START GIVEN INFORMATION

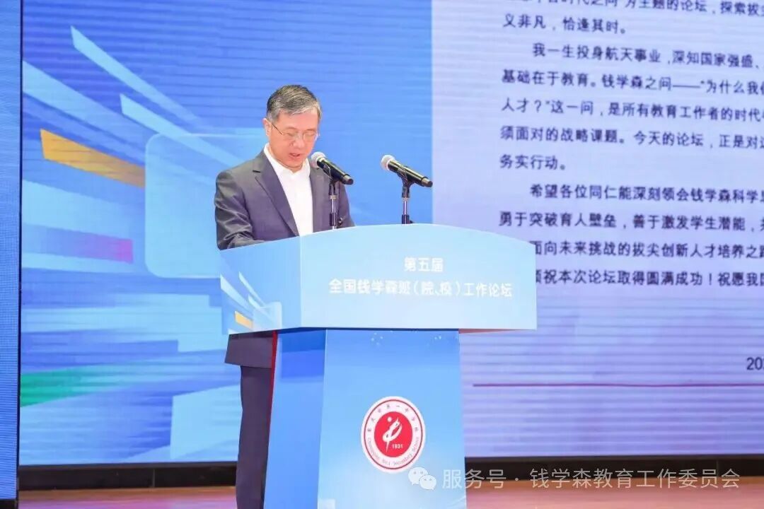 现场,中国航天基金会副理事长侯秀峰宣读了中国工程院院士戚发韧的贺信。贺信提到,此次论坛是对“钱学森之问”的积极响应和务实行动,勉励大家深刻领悟钱学森科学思想与爱国精神的时代内涵,共同探索出一条立足中国大地,面向未来挑战的拔尖创新人才培养之路。 钱学森教育工作委员会——冠名管理委员会主任曲麒富宣读“钱学森班、校冠名申请批复” 新成立钱学森班(院、校)集体授牌仪式 钱学森教育工作委员会——冠名管理委员会主任曲麒富宣读“钱学森班、校冠名申请批复”,上海交通大学钱学森图书馆馆长、钱学森教育工作委员会主任委员钱永刚为41家新成立的钱学森班(院、校)逐一授牌。这一仪式标志着钱学森教育思想在全国基础教育领域的进一步推广与深化,也彰显了教育工作者传承红色基因、培育时代新人的坚定信念。 传承精神火炬 激荡报国情怀 随后,原马兰基地政委、“两弹一星”历史研究会常务副理事长、将军孔令才作题为《学习传承“两弹一星”精神 做新时代强国复兴征程上的追梦人》的主旨报告。他通过大量珍贵的历史影像、原始档案和实物资料,系统回顾了“两弹一星”事业从艰难起步到辉煌成功的伟大历程,深情讲述了一代代科技工作者、解放军官兵和建设者响应党的号召,隐姓埋名、奔赴戈壁荒漠,在极端艰苦条件下攻克尖端科技难题的动人故事。 原马兰基地政委、“两弹一星”历史研究会常务副理事长、将军孔令才作报告 “是我们回国参加祖国建设工作的时候了。祖国的建设急迫地需要我们!”“听吧!祖国在向我们召唤……”当这些穿越时空的声音在礼堂响起,现场师生无不为之动容。孔令才指出,正是这段波澜壮阔的历史,孕育出“热爱祖国、无私奉献,自力更生、艰苦奋斗,大力协同、勇于登攀”的“两弹一星”精神,这是中华民族宝贵的精神财富,更是激励青年一代奋勇前行的不竭动力。 讲座中,孔令才围绕“厚植家国情怀”“勇于创新超越”“矢志奋斗奉献”三大维度,深入阐释“两弹一星”精神的时代价值。他从钱学森突破重重阻挠、历经五年斗争终归祖国的感人经历讲起,还原了这位“中国航天之父”在美被软禁仍矢志报国的坚定信念;又动情讲述了邓稼先隐姓埋名28年、王淦昌“我愿以身许国”、于敏“国产专家一号”、王承书三次“我愿意”等一个个震撼人心的故事。 “对他们而言,祖国的需要就是人生的方向,国家的使命就是毕生的追求。”报告厅内,许多师生在动情处热泪盈眶。“这盛世,如您所愿;这未来,由我们守护!”不少同学红着眼眶表示,要以老一辈科学家为榜样,坚定理想信念,心怀“国之大者”,把个人小我融入国家大我,听党话、跟党走,扣好人生第一粒扣子,做堂堂正正、光荣自豪的中国人。 第五届全国钱学森班(院、校)工作论坛开幕式现场 论坛于下午同步举行三场平行分论坛,分论坛一“筑体系·育英才——拔尖创新人才培养的生态构建”聚焦课程体系与协同机制;分论坛二“强内核·铸底色——科学精神引领下的育人探索”探讨科学精神与人格培育;分论坛三“启智慧·照前路——拔尖创新人才培养的未来愿景”展望教育变革方向。 西安交大钱学森学院常务副院长杨森、浙江省杭州高级中学副校长高利、上海交大机械与动力工程学院教学院长夏唐斌、重庆市巴蜀中学副校长宋晓宇、国防科技大学理学院大校副院长谭洪涛、西安高新第一中学校长助理李维、钱学森教育工作委员会秘书长姚海根,钱学森教育工作委员会副秘书长(常务)朱廉等20余位专家通过案例分享、对话交流,为参会者提供可借鉴的实践模型。 此次论坛的举办,不仅是对钱学森教育思想的深刻践行,更是一次思想的碰撞、智慧的汇聚与使命的再出发。 第五届全国钱学森班(院、校)工作论坛开幕式现场
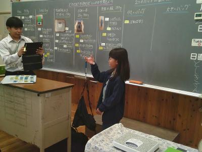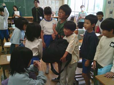 洋服、付箋紙、冬瓜、百科事典、小さいバック、大きなバックなどを何を使用して計ったらよいかを理由とともに発言していました。子どもたちはとても意欲的に実際に試したりしながら、発言したくてしょうがない気持ちが前面にでるなど積極的に取り組むことができました。
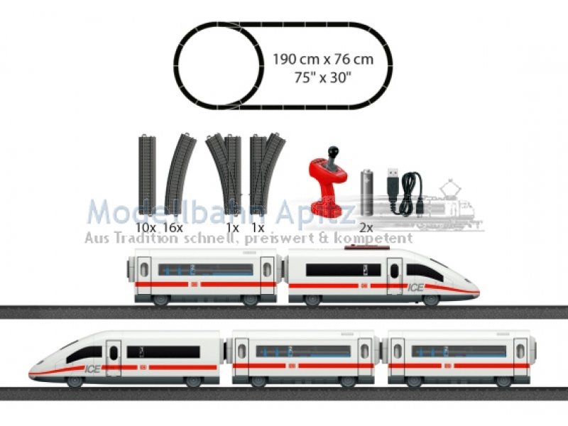 Großes VorbildBahnhöfe und das Einfahren von Zügen bringen Kinderaugen zum Leuchten. Das kann nun auch im Kinderzimmer passieren, denn die Märklin my world Startpackung “ICE 3ö enthält einen 5-teiligen Hochgeschwindigkeitszug mit 63 cm Länge, der mit seinem schnittigen Design über die selbst zusammengesteckte Strecke rast. Die abnehmbaren Dächer der drei Zwischenwagen sorgen für viele Spielmöglichkeiten. Die detailreiche Gestaltung des Schnellzugs orientiert sich am Original und wird Fan-Herzen höherschlagen lassen. Die verschiedenen Weichen bieten noch mehr Spielraum beim Zusammenbau. Stück für Stück entstehen großartige Streckenverläufe durch das Spielzimmer, die sich mit Sets separat erhältlicher Kunststoffgleise noch erweitern lassen. Das Zusammensetzen der einzelnen Teile hilft dabei, die motorischen Fähigkeiten und das Verstehen von Zusammenhängen zu schulen.Volle Kontrolle mit dem Märklin Power Control StickDer kabellose Märklin Power Control Stick kann von Kindern mit nur einer Hand bedient werden. Damit lässt sich der Zug vorwärts und rückwärts in jeweils drei Geschwindigkeitsstufen fahren. Außerdem kann der Zug auf Knopfdruck am Control Stick verschiedene Soundeffekte abspielen und sein Zweilicht-Spitzensignal anschalten.Sicheres Spielen mit MärklinDamit auch schon die Kleinsten mit dem Modellzug von Märklin spielen können, steht Sicherheit an oberster Stelle. Die einzelnen Abteile der Züge sind über sichere Magnetkupplungen miteinander verbunden, die keine kleinen Einzelteile haben und einfach zu bedienen sind. Der motorisierte Triebkopf mit wiederaufladbarem Akku ist kindersicher gestaltet und daher das perfekte Spielzeug für den Einstieg in die Modellzugwelt ab 3 Jahren. Der Akku mit passendem Ladekabel und die Batterien für den Power Control Stick (2x AAA-Batterien) sind im Lieferumfang enthalten, sodass der Spielspaß direkt losgehen kann. Die einzelnen Schienenteile lassen sich ganz einfach zusammenstecken und alle Teile des Spielsets sind besonders robust gestaltet. Somit ist das Spielset perfekt für große und kleine Fans von Zügen und Modelleisenbahnen geeignet.
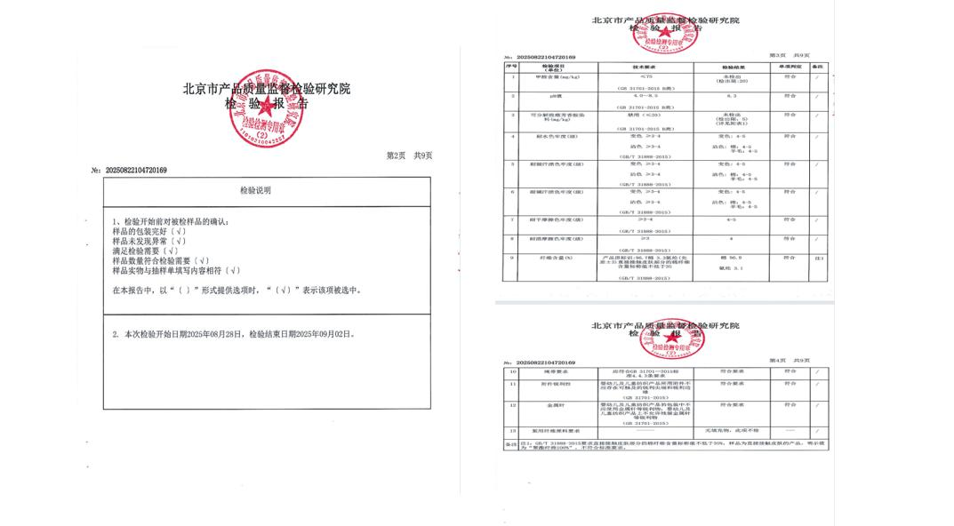 本次抽检依据 GB/T 31888-2015《中小学生校服》和 GB 31701-2015《婴 幼儿及儿童纺织产品安全技术规范》B 类标准,对涉及学生健康安全的核心指标 进行了全面“体检”。报告显示: 安全指标全优:甲醛、可分解致癌芳香胺染料等有害物质“未检出”; 亲肤体验卓越:pH 值达 6.3,处于标准最佳区间,色牢度多项指标超越标准要 求; 材质真实透明:纤维含量实测值与标识完全吻合,棉含量达 96.9%; 设计安全放心:绳带、附件等均符合儿童纺织品安全规范。
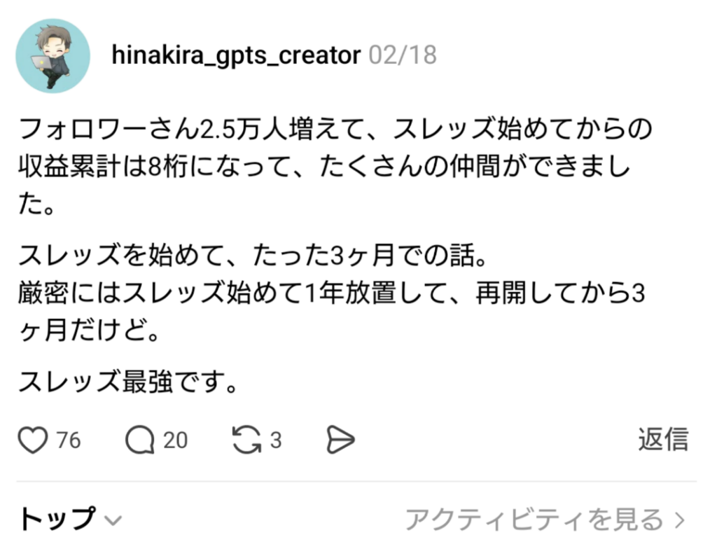 SNS(Threads)をはじめてから、〝たった3ヶ月〟での成果です。
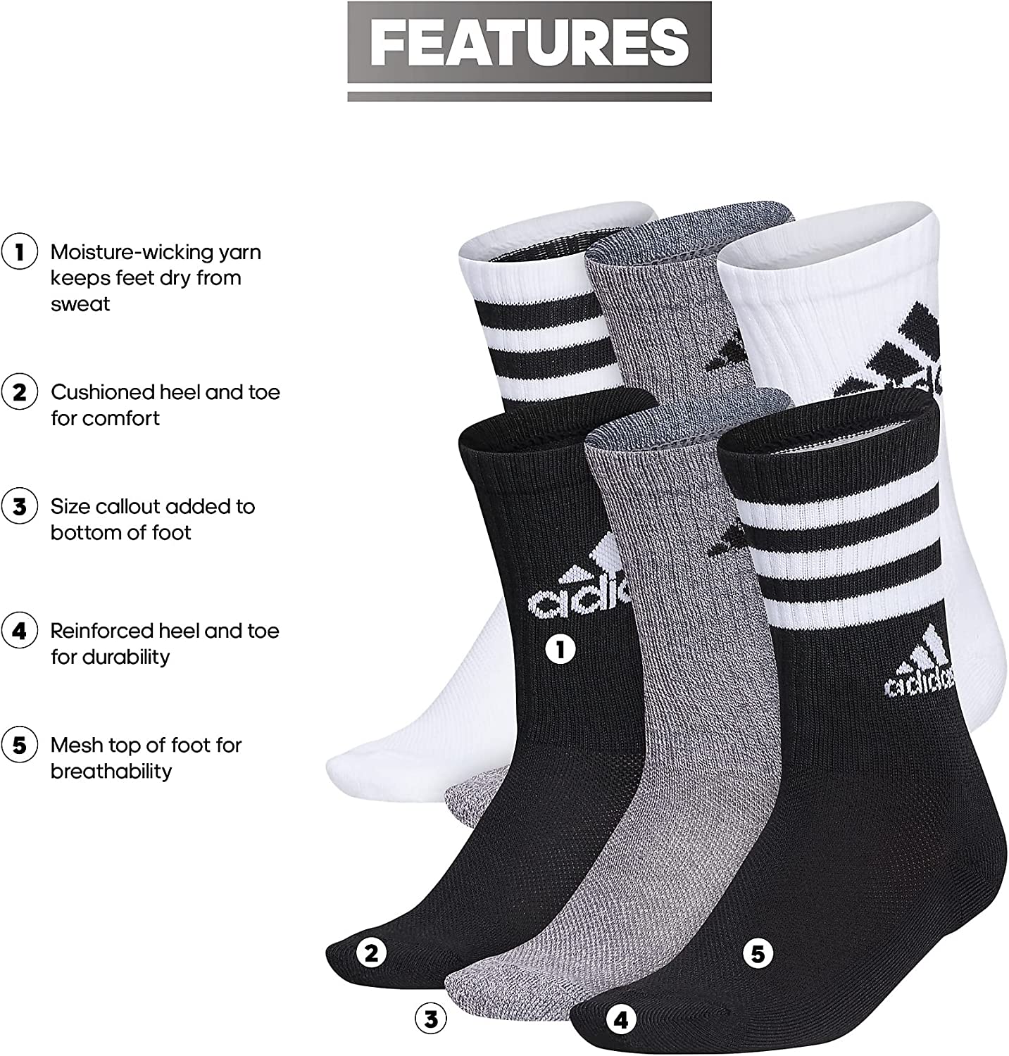 adidas Boys' Youth Cushioned Mixed 6-Pack Crew
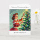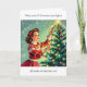 Looking for a funny Christmas card for a friend or family member? Add a little humor into their holiday season with this cute retro mid-century graphics and humor. A woman hanging up Christmas lights on the tree saying, 'May all your Christmas lights work on the first try." Because honestly, we know they won't, right? Inside is some more Christmas humor to make your friend laugh.
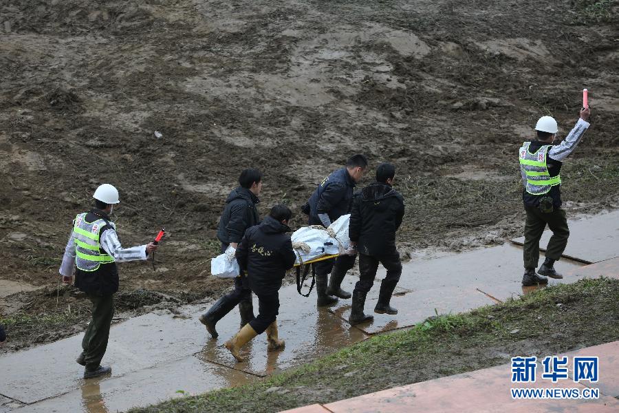 2月6日,救援人员在抬送遇难者遗体。

END GIVEN INFORMATION

TASK REQUIREMENTS:
Could the entries above be returned verbatim, with no pictures included?

EXERCISE OUTPUT:
 现场,中国航天基金会副理事长侯秀峰宣读了中国工程院院士戚发韧的贺信。贺信提到,此次论坛是对“钱学森之问”的积极响应和务实行动,勉励大家深刻领悟钱学森科学思想与爱国精神的时代内涵,共同探索出一条立足中国大地,面向未来挑战的拔尖创新人才培养之路。 钱学森教育工作委员会——冠名管理委员会主任曲麒富宣读“钱学森班、校冠名申请批复” 新成立钱学森班(院、校)集体授牌仪式 钱学森教育工作委员会——冠名管理委员会主任曲麒富宣读“钱学森班、校冠名申请批复”,上海交通大学钱学森图书馆馆长、钱学森教育工作委员会主任委员钱永刚为41家新成立的钱学森班(院、校)逐一授牌。这一仪式标志着钱学森教育思想在全国基础教育领域的进一步推广与深化,也彰显了教育工作者传承红色基因、培育时代新人的坚定信念。 传承精神火炬 激荡报国情怀 随后,原马兰基地政委、“两弹一星”历史研究会常务副理事长、将军孔令才作题为《学习传承“两弹一星”精神 做新时代强国复兴征程上的追梦人》的主旨报告。他通过大量珍贵的历史影像、原始档案和实物资料,系统回顾了“两弹一星”事业从艰难起步到辉煌成功的伟大历程,深情讲述了一代代科技工作者、解放军官兵和建设者响应党的号召,隐姓埋名、奔赴戈壁荒漠,在极端艰苦条件下攻克尖端科技难题的动人故事。 原马兰基地政委、“两弹一星”历史研究会常务副理事长、将军孔令才作报告 “是我们回国参加祖国建设工作的时候了。祖国的建设急迫地需要我们!”“听吧!祖国在向我们召唤……”当这些穿越时空的声音在礼堂响起,现场师生无不为之动容。孔令才指出,正是这段波澜壮阔的历史,孕育出“热爱祖国、无私奉献,自力更生、艰苦奋斗,大力协同、勇于登攀”的“两弹一星”精神,这是中华民族宝贵的精神财富,更是激励青年一代奋勇前行的不竭动力。 讲座中,孔令才围绕“厚植家国情怀”“勇于创新超越”“矢志奋斗奉献”三大维度,深入阐释“两弹一星”精神的时代价值。他从钱学森突破重重阻挠、历经五年斗争终归祖国的感人经历讲起,还原了这位“中国航天之父”在美被软禁仍矢志报国的坚定信念;又动情讲述了邓稼先隐姓埋名28年、王淦昌“我愿以身许国”、于敏“国产专家一号”、王承书三次“我愿意”等一个个震撼人心的故事。 “对他们而言,祖国的需要就是人生的方向,国家的使命就是毕生的追求。”报告厅内,许多师生在动情处热泪盈眶。“这盛世,如您所愿;这未来,由我们守护!”不少同学红着眼眶表示,要以老一辈科学家为榜样,坚定理想信念,心怀“国之大者”,把个人小我融入国家大我,听党话、跟党走,扣好人生第一粒扣子,做堂堂正正、光荣自豪的中国人。 第五届全国钱学森班(院、校)工作论坛开幕式现场 论坛于下午同步举行三场平行分论坛,分论坛一“筑体系·育英才——拔尖创新人才培养的生态构建”聚焦课程体系与协同机制;分论坛二“强内核·铸底色——科学精神引领下的育人探索”探讨科学精神与人格培育;分论坛三“启智慧·照前路——拔尖创新人才培养的未来愿景”展望教育变革方向。 西安交大钱学森学院常务副院长杨森、浙江省杭州高级中学副校长高利、上海交大机械与动力工程学院教学院长夏唐斌、重庆市巴蜀中学副校长宋晓宇、国防科技大学理学院大校副院长谭洪涛、西安高新第一中学校长助理李维、钱学森教育工作委员会秘书长姚海根,钱学森教育工作委员会副秘书长(常务)朱廉等20余位专家通过案例分享、对话交流,为参会者提供可借鉴的实践模型。 此次论坛的举办,不仅是对钱学森教育思想的深刻践行,更是一次思想的碰撞、智慧的汇聚与使命的再出发。 第五届全国钱学森班(院、校)工作论坛开幕式现场
 洋服、付箋紙、冬瓜、百科事典、小さいバック、大きなバックなどを何を使用して計ったらよいかを理由とともに発言していました。子どもたちはとても意欲的に実際に試したりしながら、発言したくてしょうがない気持ちが前面にでるなど積極的に取り組むことができました。
 Großes VorbildBahnhöfe und das Einfahren von Zügen bringen Kinderaugen zum Leuchten. Das kann nun auch im Kinderzimmer passieren, denn die Märklin my world Startpackung “ICE 3ö enthält einen 5-teiligen Hochgeschwindigkeitszug mit 63 cm Länge, der mit seinem schnittigen Design über die selbst zusammengesteckte Strecke rast. Die abnehmbaren Dächer der drei Zwischenwagen sorgen für viele Spielmöglichkeiten. Die detailreiche Gestaltung des Schnellzugs orientiert sich am Original und wird Fan-Herzen höherschlagen lassen. Die verschiedenen Weichen bieten noch mehr Spielraum beim Zusammenbau. Stück für Stück entstehen großartige Streckenverläufe durch das Spielzimmer, die sich mit Sets separat erhältlicher Kunststoffgleise noch erweitern lassen. Das Zusammensetzen der einzelnen Teile hilft dabei, die motorischen Fähigkeiten und das Verstehen von Zusammenhängen zu schulen.Volle Kontrolle mit dem Märklin Power Control StickDer kabellose Märklin Power Control Stick kann von Kindern mit nur einer Hand bedient werden. Damit lässt sich der Zug vorwärts und rückwärts in jeweils drei Geschwindigkeitsstufen fahren. Außerdem kann der Zug auf Knopfdruck am Control Stick verschiedene Soundeffekte abspielen und sein Zweilicht-Spitzensignal anschalten.Sicheres Spielen mit MärklinDamit auch schon die Kleinsten mit dem Modellzug von Märklin spielen können, steht Sicherheit an oberster Stelle. Die einzelnen Abteile der Züge sind über sichere Magnetkupplungen miteinander verbunden, die keine kleinen Einzelteile haben und einfach zu bedienen sind. Der motorisierte Triebkopf mit wiederaufladbarem Akku ist kindersicher gestaltet und daher das perfekte Spielzeug für den Einstieg in die Modellzugwelt ab 3 Jahren. Der Akku mit passendem Ladekabel und die Batterien für den Power Control Stick (2x AAA-Batterien) sind im Lieferumfang enthalten, sodass der Spielspaß direkt losgehen kann. Die einzelnen Schienenteile lassen sich ganz einfach zusammenstecken und alle Teile des Spielsets sind besonders robust gestaltet. Somit ist das Spielset perfekt für große und kleine Fans von Zügen und Modelleisenbahnen geeignet.
 本次抽检依据 GB/T 31888-2015《中小学生校服》和 GB 31701-2015《婴 幼儿及儿童纺织产品安全技术规范》B 类标准,对涉及学生健康安全的核心指标 进行了全面“体检”。报告显示: 安全指标全优:甲醛、可分解致癌芳香胺染料等有害物质“未检出”; 亲肤体验卓越:pH 值达 6.3,处于标准最佳区间,色牢度多项指标超越标准要 求; 材质真实透明:纤维含量实测值与标识完全吻合,棉含量达 96.9%; 设计安全放心:绳带、附件等均符合儿童纺织品安全规范。
 SNS(Threads)をはじめてから、〝たった3ヶ月〟での成果です。
 adidas Boys' Youth Cushioned Mixed 6-Pack Crew
 Looking for a funny Christmas card for a friend or family member? Add a little humor into their holiday season with this cute retro mid-century graphics and humor. A woman hanging up Christmas lights on the tree saying, 'May all your Christmas lights work on the first try." Because honestly, we know they won't, right? Inside is some more Christmas humor to make your friend laugh.
 2月6日,救援人员在抬送遇难者遗体。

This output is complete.